Mitochondrial DNA depletion and morphologic changes in adipocytes associated with nucleoside reverse transcriptase inhibitor therapy

Abstract

Nucleoside analogue reverse transcriptase inhibitor (NRTI) therapy provides sufficient conditions for progressive subcutaneous fat wasting in HIV-infected patients. As NRTI-induced host toxicity is proposed to involve cellular mitochondrial DNA (mtDNA) depletion, determinants of cellular mtDNA copy number and mitochondrial mass in adipocyte samples from NRTI-treated HIV-infected patients and antiretroviral-naive controls were investigated. Adipose tissue morphology was also assessed. Subcutaneous fat samples were obtained from NRTI-treated, HIV-infected patients (n = 21), antiretroviral therapy-naive HIV-infected controls (n = 11), and HIV-seronegative controls (n = 6). Non-adipocytes were removed by collagenase digestion. Adipocyte mtDNA copies/cell was measured using a real time PCR-based assay, and adipocyte mitochondrial protein content was also measured. Light and electron microscopy were performed on tissue samples. Adipocyte mtDNA copies/cell values were similar (P = 0.56) in HIV seronegative and HIV-infected control groups. NRTI treatment was associated with reduced adipocyte mtDNA copies/cell, representing mean mtDNA depletion in NRTI-treated individuals of 77.7% compared with the mean value for the HIV-infected control group (P < 0001). Additionally, significant differences were found in adipocyte mtDNA copies/cell between patients receiving stavudine (n = 12, mean mtDNA depletion 87.1%) and zidovudine (n = 9, mean mtDNA depletion 52.1%) (P < 0.001).

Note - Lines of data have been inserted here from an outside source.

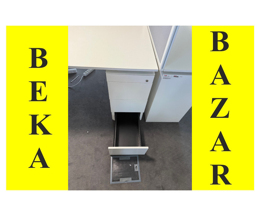 K prodeji nabízíme kancelářský PC stůl v bílé barvě s šedým paravanem,  který má na jedné straně kontejner a na druhé straně element. Nabízíme možnost provedení kontejner na pravé straně a element na levé, nebo obráceně, tedy kontejner na levé straně a element na pravé. Kontejner má první šuplík plastový a úzký na drobné kancelářské věci,zbytek šuplík - 3 šuplíky, jsou plechové . Některé kontejnery mají klíč. Element se dá použit i na závěsné šanony. Část pro zavěšení šanonů je vyjížděcí. Celkem má element 2 patra. Deska stolu má záslepku na kabely. Celkově je stůl v dobrém stavu.
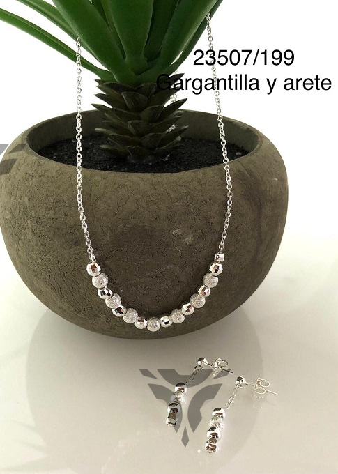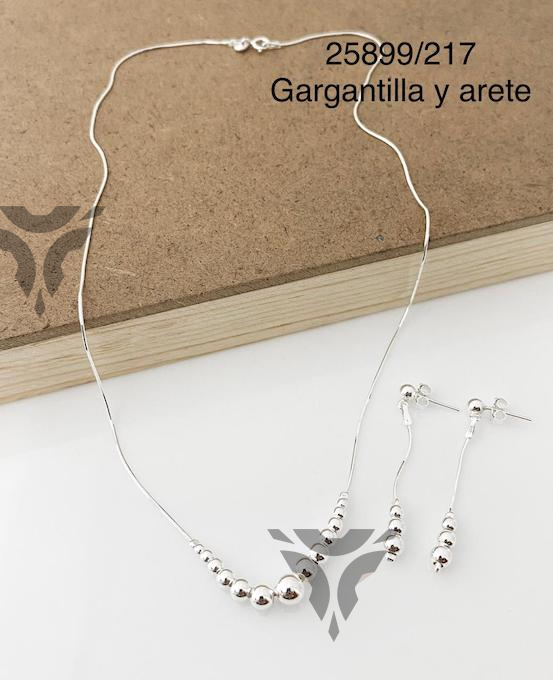 Gargantilla y arete bolitas en disminucion
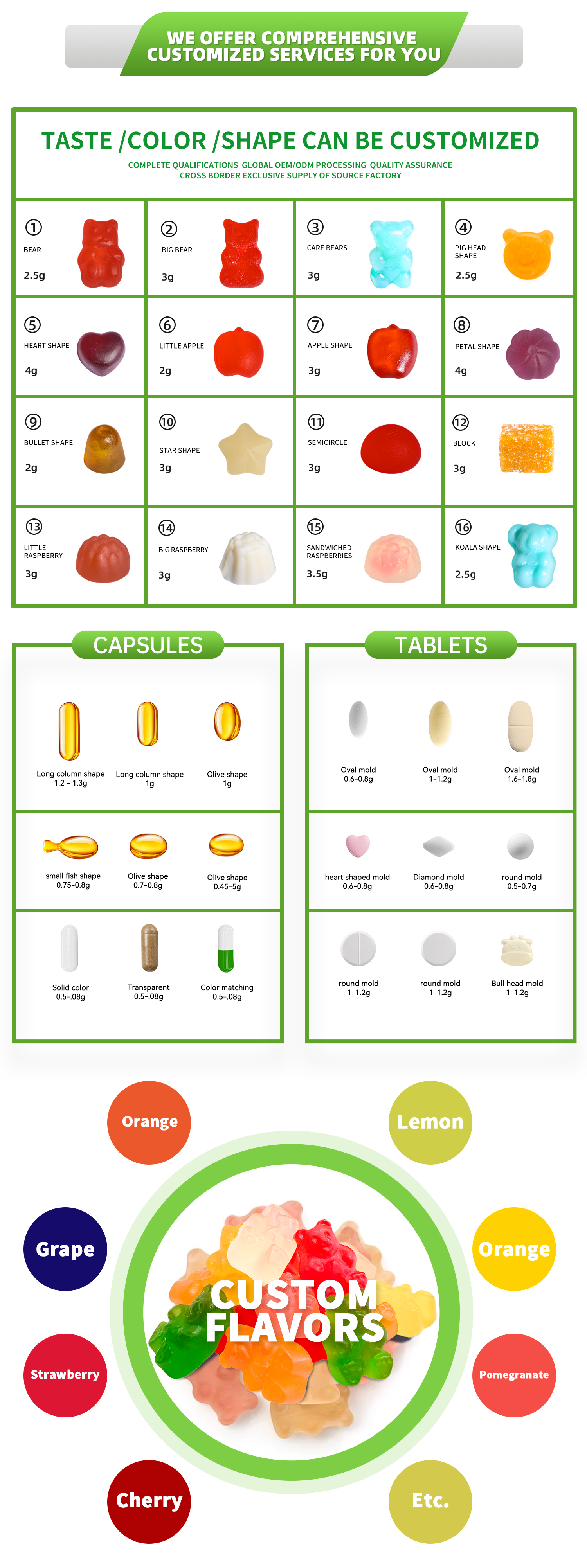 custom logo, label, formula, capacity |
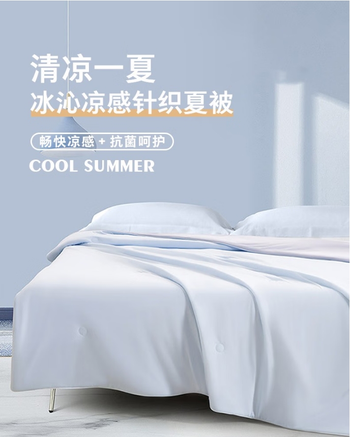商品名称:水星家纺 遇渐系列——冰沁凉感针织夏被150×200cm(浅灰绿色)125579/(浅灰蓝色)125580
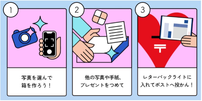 新規コンテンツとして登場するのは、お菓子を箱に詰めて手紙と一緒にポストから送ることができる「ぎゅぎゅっと♡つめほーだいギフト」や、思い出の写真をプリントした“箱”を特別なギフトとして届ける「ズッキュン♡ハコニコ便」です。どちらもクリスマスギフトにぴったりです。
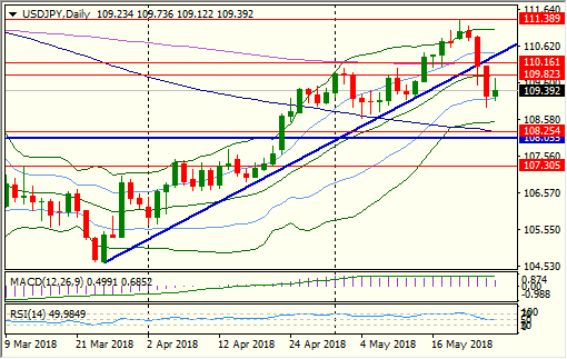 上方阻力位于20日均线109.82、上升趋势线及200日均线所在的110.16附近、111;
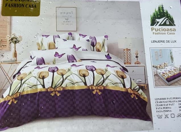 Lenjerie de pat dublu, Bumbac Finet, 6 piese cu elastic - LCE01 50% REDUCERE !!! 74,99 RON 150,00 RON
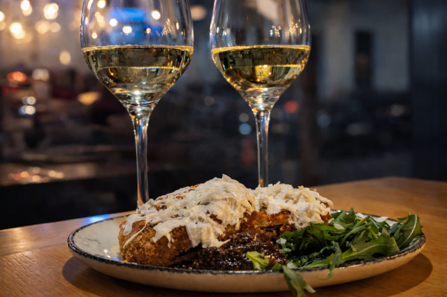 Ningún recorrido está completo sin su final dulce. La Torrija de brioche de coco, de exterior bien caramelizado y tono ámbar intenso, mantiene un interior jugoso y bien empapado. Las especias construyen un perfil aromático preciso y bien integrado. La crema montada de coco, aireada y con volumen, aligera el dulzor y aporta contraste en textura. Cerramos con la Mini cheesecake con mermelada de higos, un postre que hoy casi genera recelo: la tarta de queso se ha convertido en religión y también ha sufrido desgaste por exceso de versiones. Aquí aparece correcta, con sabor lácteo claro y base proporcionada. Podría ganar un punto más de cremosidad para resultar más memorable, pero cumple. Y qué mejor forma de terminar que con una copa de Arrels Montau de Sadurní Brut Nature Reserva, cuya burbuja fina y carácter seco equilibran el dulzor final y dejan el paladar preparado para la última conversación.

Adipocyte mitochondrial mass was increased in the stavudine group only (mean increase 289%, P < 0.01). NRTI therapy is associated with mtDNA depletion and mitochondrial proliferation in adipocytes, consistent with the hypothesis that NRTI-induced mtDNA depletion contributes to the pathogenesis of subcutaneous fat wasting. Morphologic assessment also supports a role for NRTI therapy in inducing adipocyte metabolic dysfunction and cell death.